:: Problem details ::
Starting at the line that contains "КОМФОРТНАЯ СРЕДА ОБИТАНИЯ❑", restate each line word for word through the final line of the data, keeping both ends.

Dataset items

○ ○ ○ ○ ○

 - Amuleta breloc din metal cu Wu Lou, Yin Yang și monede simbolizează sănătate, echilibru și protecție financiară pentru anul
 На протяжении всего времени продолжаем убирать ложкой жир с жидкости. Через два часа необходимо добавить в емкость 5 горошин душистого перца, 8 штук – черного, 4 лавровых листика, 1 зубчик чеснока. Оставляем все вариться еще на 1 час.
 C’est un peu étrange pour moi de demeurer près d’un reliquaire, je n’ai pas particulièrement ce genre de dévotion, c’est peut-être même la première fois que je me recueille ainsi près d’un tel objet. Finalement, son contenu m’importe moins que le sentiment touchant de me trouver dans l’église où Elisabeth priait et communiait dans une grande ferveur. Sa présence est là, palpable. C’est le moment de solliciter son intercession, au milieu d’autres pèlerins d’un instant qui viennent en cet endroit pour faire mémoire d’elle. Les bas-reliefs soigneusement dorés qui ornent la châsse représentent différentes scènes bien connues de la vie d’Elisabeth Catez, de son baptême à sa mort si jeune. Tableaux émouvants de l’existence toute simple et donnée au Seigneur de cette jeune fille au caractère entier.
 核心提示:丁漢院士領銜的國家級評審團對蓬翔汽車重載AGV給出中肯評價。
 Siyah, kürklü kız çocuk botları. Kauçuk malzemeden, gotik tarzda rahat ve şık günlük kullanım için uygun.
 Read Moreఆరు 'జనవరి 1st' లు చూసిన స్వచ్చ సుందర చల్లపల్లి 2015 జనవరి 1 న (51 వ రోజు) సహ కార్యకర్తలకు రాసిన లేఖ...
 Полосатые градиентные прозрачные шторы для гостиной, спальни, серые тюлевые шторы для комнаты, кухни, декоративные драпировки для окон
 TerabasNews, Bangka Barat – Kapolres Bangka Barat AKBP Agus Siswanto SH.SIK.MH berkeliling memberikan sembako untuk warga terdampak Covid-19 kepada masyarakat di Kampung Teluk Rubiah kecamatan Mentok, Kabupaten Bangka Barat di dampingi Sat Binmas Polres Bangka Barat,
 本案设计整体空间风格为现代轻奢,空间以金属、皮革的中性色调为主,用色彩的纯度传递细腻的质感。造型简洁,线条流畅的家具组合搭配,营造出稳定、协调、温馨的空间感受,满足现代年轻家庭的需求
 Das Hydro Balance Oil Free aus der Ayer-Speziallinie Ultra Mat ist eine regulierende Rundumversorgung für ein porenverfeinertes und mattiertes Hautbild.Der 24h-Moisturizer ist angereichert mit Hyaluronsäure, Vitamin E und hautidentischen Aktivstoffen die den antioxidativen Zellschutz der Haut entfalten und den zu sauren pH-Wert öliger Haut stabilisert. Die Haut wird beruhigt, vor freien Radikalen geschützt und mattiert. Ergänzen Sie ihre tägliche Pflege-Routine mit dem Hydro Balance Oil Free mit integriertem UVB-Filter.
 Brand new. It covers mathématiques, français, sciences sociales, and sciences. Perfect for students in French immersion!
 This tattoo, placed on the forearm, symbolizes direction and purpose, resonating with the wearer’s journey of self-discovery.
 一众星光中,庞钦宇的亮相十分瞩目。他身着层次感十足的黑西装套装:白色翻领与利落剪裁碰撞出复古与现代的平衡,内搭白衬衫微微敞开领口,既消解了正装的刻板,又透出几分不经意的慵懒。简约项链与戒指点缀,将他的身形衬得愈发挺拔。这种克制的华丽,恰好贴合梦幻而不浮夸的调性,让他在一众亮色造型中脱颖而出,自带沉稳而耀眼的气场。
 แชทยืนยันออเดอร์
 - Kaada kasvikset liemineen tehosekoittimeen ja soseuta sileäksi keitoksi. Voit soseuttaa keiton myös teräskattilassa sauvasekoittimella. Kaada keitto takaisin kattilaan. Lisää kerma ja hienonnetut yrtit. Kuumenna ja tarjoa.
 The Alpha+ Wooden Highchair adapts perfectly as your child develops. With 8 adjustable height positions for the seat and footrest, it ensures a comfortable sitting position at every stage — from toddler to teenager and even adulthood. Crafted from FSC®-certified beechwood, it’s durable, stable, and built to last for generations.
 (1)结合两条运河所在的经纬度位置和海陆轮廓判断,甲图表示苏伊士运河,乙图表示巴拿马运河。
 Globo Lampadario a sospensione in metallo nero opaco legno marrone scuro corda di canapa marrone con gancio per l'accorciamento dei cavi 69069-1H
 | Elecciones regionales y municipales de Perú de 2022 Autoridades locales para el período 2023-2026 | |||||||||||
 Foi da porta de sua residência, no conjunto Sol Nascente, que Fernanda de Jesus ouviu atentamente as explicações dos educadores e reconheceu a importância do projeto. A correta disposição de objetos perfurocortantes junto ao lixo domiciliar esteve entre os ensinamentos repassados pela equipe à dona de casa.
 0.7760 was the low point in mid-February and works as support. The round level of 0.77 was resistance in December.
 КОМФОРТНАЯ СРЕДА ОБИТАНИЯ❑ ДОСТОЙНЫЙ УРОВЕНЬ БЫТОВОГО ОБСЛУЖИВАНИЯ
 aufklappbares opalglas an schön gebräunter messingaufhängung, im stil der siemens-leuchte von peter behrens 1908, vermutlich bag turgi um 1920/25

○ ○ ○ ○ ○

:: Exercise result ::
 КОМФОРТНАЯ СРЕДА ОБИТАНИЯ❑ ДОСТОЙНЫЙ УРОВЕНЬ БЫТОВОГО ОБСЛУЖИВАНИЯ
 aufklappbares opalglas an schön gebräunter messingaufhängung, im stil der siemens-leuchte von peter behrens 1908, vermutlich bag turgi um 1920/25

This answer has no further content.